- Birth name: Yasuhiro Kobayashi
- Born: April 29, 1959 (age 65) Matsushiro, Nagano, Japan
- Occupation: Musician
- Instrument: Accordion
- Years active: 1991–present
- Website: coba-net.com

= Yasuhiro Kobayashi =

Yasuhiro Kobayashi (小林 靖宏, Kobayashi Yasuhiro), known professionally as coba, is a Japanese musician, accordionist, composer and arranger, born in Matsushiro, Nagano and brought up in Niigata, Niigata. His music has sold over 1,000,000 CDs.

coba started playing accordion when he was nine. At the age of 18 he moved to Italy in order to hone his music skills in local educational institution and graduated with honours.

In April 1979 coba won an accordionist contest in Japan; in September he did the same in Italy and in October 1980 he was recognized as the best in Austria.

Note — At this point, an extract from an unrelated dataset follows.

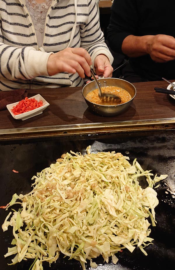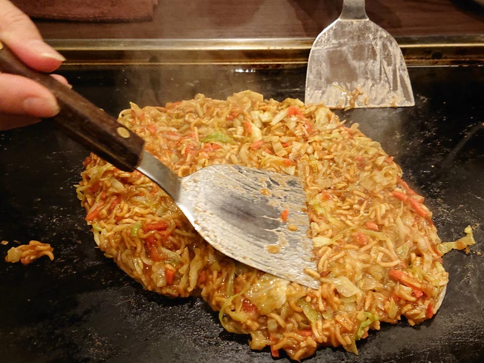 次が磯ゴキブリママのオーダーで、明太もちチーズもんじゃ+ベビースター。

coba creates his own music and makes arrangements for famous compositions. In 1996 he collaborated with Björk recording her album Homogenic and touring in more than sixty countries. Throughout his career coba also worked with Goldie, 808 State, Underworld, Plaid and Howie B.

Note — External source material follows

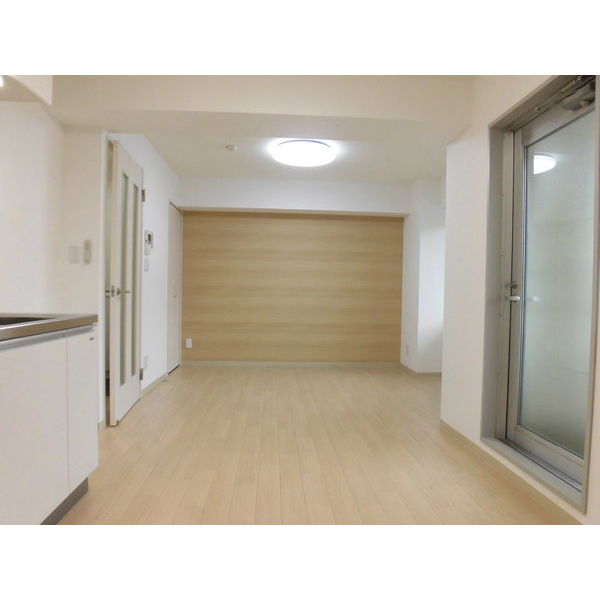 居間インテリアクロス、システムキッチン、3口コンロ、TVモニターホン、シャンドレ、シャワートイレ

In 1996 French magazine Nova Magazine named "Roots" album the best one. In 2001 coba was awarded "The Best Composer of the Year" for his soundtracks according to Japanese Award Academy. In 2002 he created music for Pokémon. In 2006 coba was awarded "Voce d’oro" - the prize of "the most active accordionist in the world".

coba released more than 30 albums. He considers that his music doesn't belong to any genre.